● **Problem statement**: Repeat verbatim what the listing holds, but not its pictures.

START Dataset section

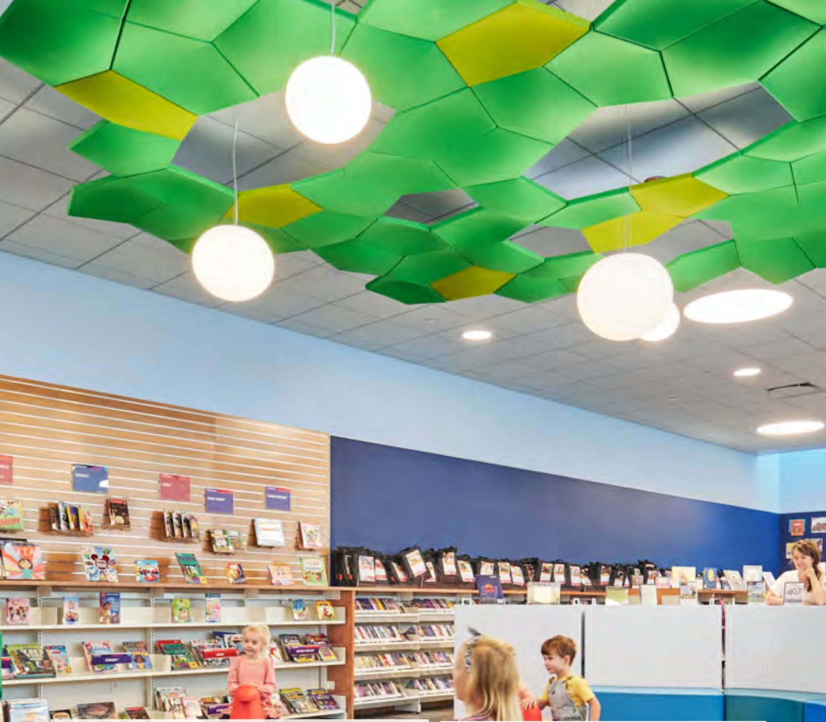
Cover Image: Childrens' Reading Area | Inset Image: Entry Lobby
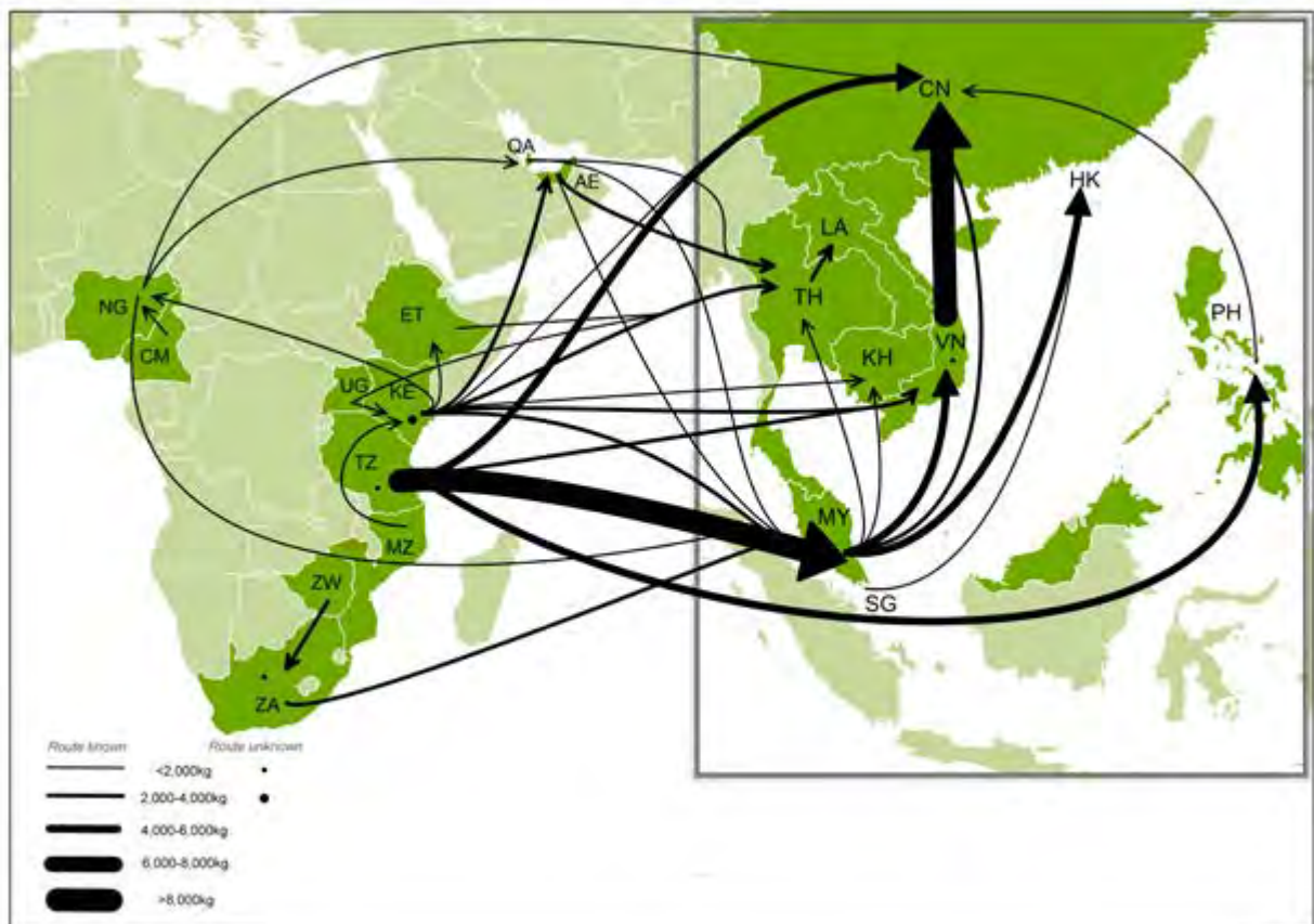
FIGURE 1 Trade routes for large-scale (>500 kg) seizures of ivory, 2009 - 2011 (ETIS, 03 November 2013).

In 2011, poaching levels, estimated from elephant carcasses, were the highest in a decade, while in the same year a record quantity of ivory was seized worldwide: 50.7 tonnes. It is believed that illegal trade in ivory has trebled since 1968 and more than doubled since 2010.

END Dataset section

● **Problem solution**:
Cover Image: Childrens' Reading Area | Inset Image: Entry Lobby
FIGURE 1 Trade routes for large-scale (>500 kg) seizures of ivory, 2009 - 2011 (ETIS, 03 November 2013).

In 2011, poaching levels, estimated from elephant carcasses, were the highest in a decade, while in the same year a record quantity of ivory was seized worldwide: 50.7 tonnes. It is believed that illegal trade in ivory has trebled since 1968 and more than doubled since 2010.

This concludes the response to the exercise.